And Tor.com calls it a “perfect end” to Miriam’s story, saying:

“It’s sprawling, wandering, violent, endearing, cruel, determined, romantic, and terrifying. It is all of Miriam’s contradictions and conflicts and controversies all bundled up into 400 pages of frantic action, knife-sharp plotting, and killer dialogue. I’m sad to see this series end, but what a way to go out. It’s going to be a long time before I stop thinking about Miriam Black. A long fucking time.”

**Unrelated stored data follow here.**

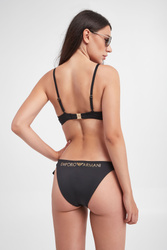 Dół od bikini w czarnym kolorze. Krój typu figi. Z tyłu złoty, połyskujący nadruk z logo. Wiązane po bokach. Elastyczny i komfortowy.
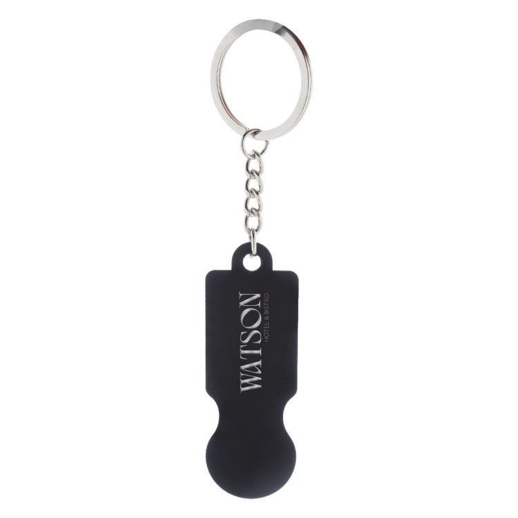 Porte-clés en acier inoxydable recyclé avec finition caoutchoutée et jeton pour chariot de courses. Revêtement spécial pour gravure laser miroir, de couleur noir
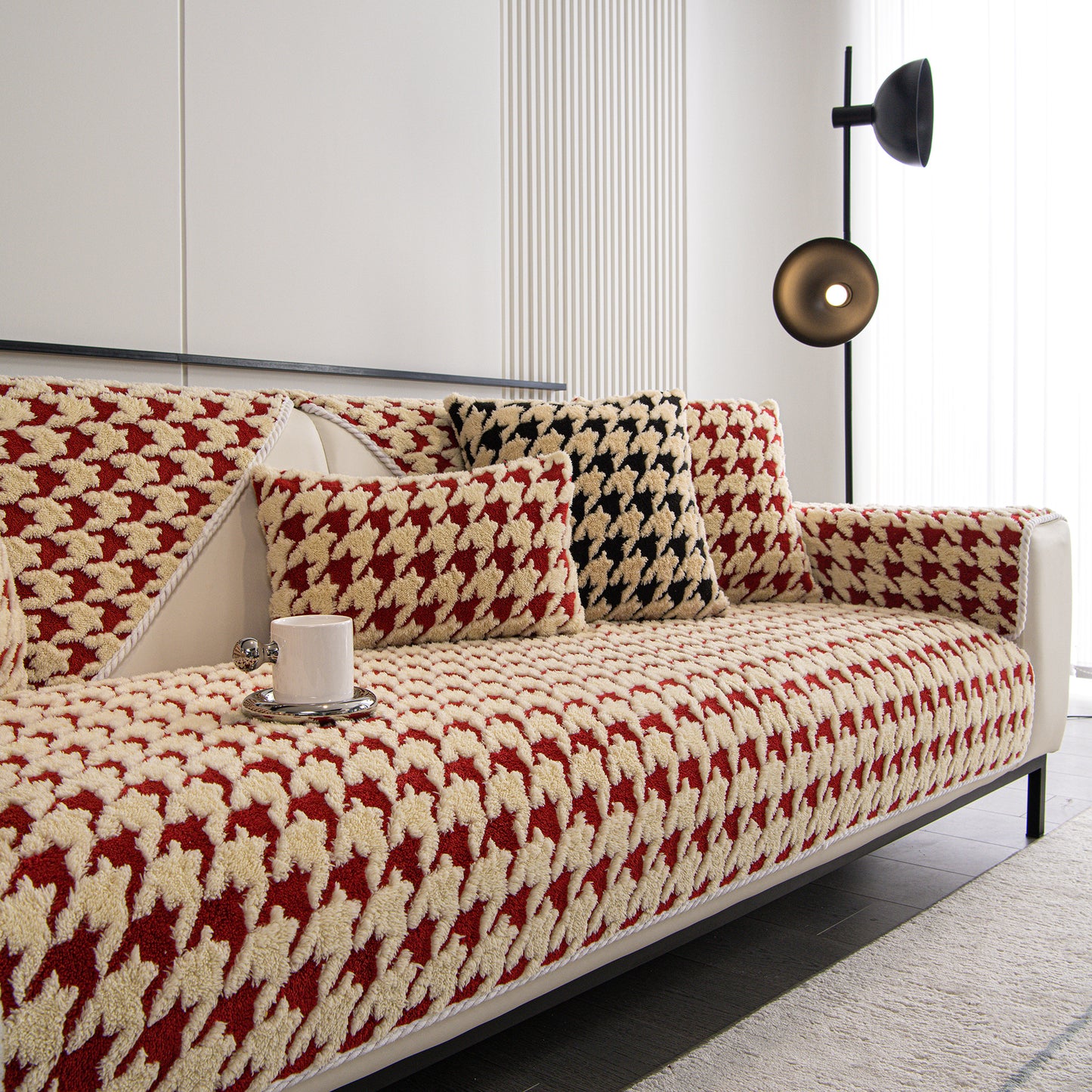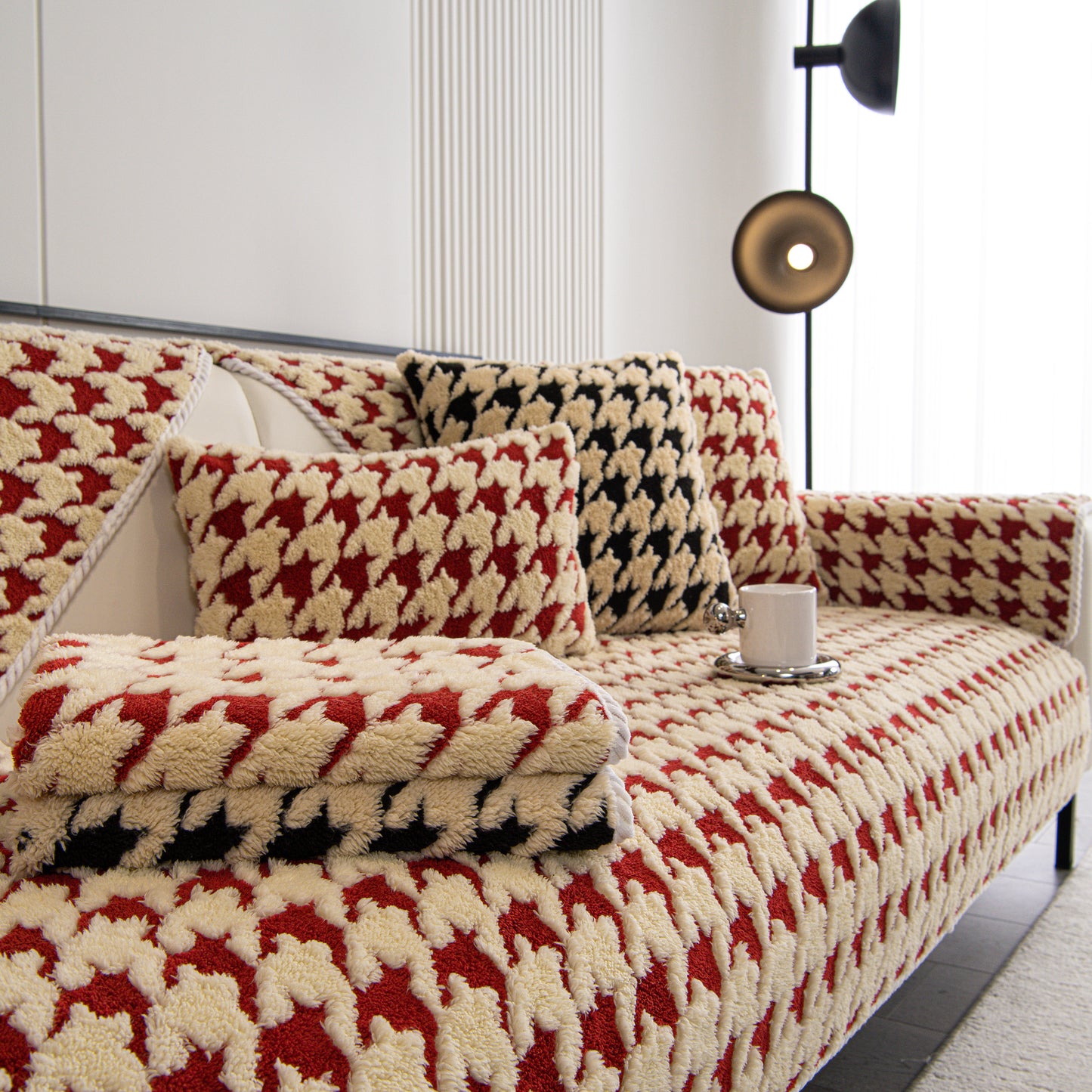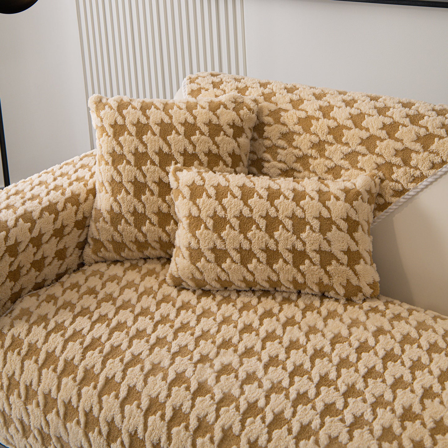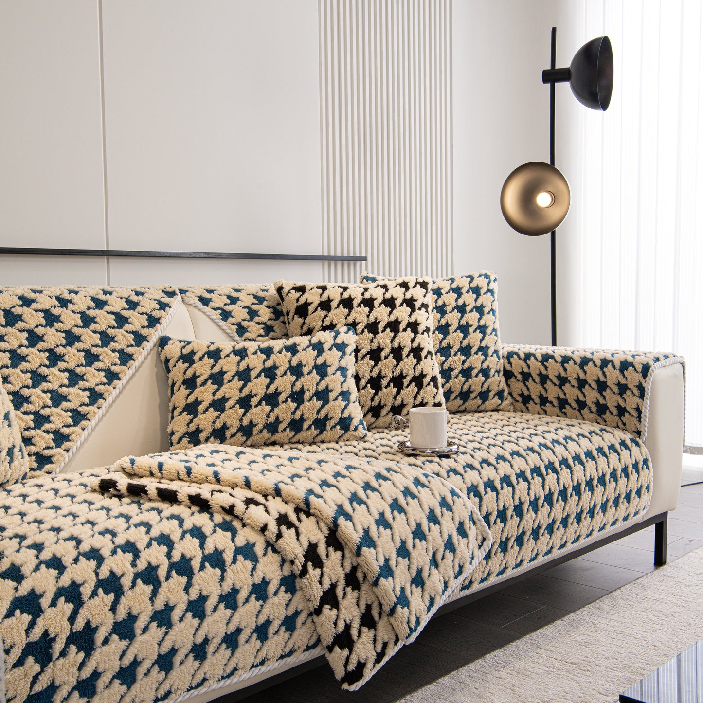 Upgrade your winter comfort with the Winter Thickened Sherpa Fleece Houndstooth Sofa Cushion. Non-slip design, soft plush, and classic houndstooth pattern offer warmth, style, and functionality for your couch. Perfect for cozying up during chilly days!

You can of course nab the book now in print, eBook [Amazon | KoboB&N | iBooks], or audio. And you can sashay your booty over to a place like Amazon or Goodreads to leave a review, if so inclined. For those folks waiting for a series to be complete before beginning? The series is complete, and the order of novels is as follows:

1. Blackbirds

2. Mockingbird

3. The Cormorant

4. Thunderbird

5. The Raptor & The Wren

6. Vultures.

There exist two novellas, as well — Interlude: Swallow takes place between book 3 and 4 and shows up in the Three Slices collection, and Interlude: The Tanager takes place between 5 and 6. Speaking of Interlude: Tanager

“Sweet Bee Vomit!” is the exclamation all the cool kids are using. The second Miriam novella isn’t actually a Miriam novella, but rather, is about the character Wren from the series — in particular, it’s about her going up against some psychic-powered slasher-killers in the Midwest, and it takes place between TR&TW and Vultures. Subterranean Press has a limited print edition, and I’m told it’s close to sold out — so check it out, willya?

Who run Blurbertown? I noted that I am sitting on a very fortunate pile of kind words regarding Wanderers, and though we haven’t formally begun to share most of those, I’ll note that one sentence from Rin Chupeco stood out, and I’m really quite in love with this. Of the book, she said: “If you ever wanted to know what America’s soul might look like, here’s is its biography.” And I thought, oh no, and I also thought, oh yes, and I’m really excited by that. My favorite of her work is The Girl From The Well, so get on that if you haven’t read it.

Chuck Wendig, Apple Reviewer. Apparently my review of grocery store apples has made some newsy rounds, so… y… yay? Yay. Maybe I’ll need to find something else to review. Like more apples. Different apples. Or bees. I could fancy myself a professional bee reviewer. You don’t know.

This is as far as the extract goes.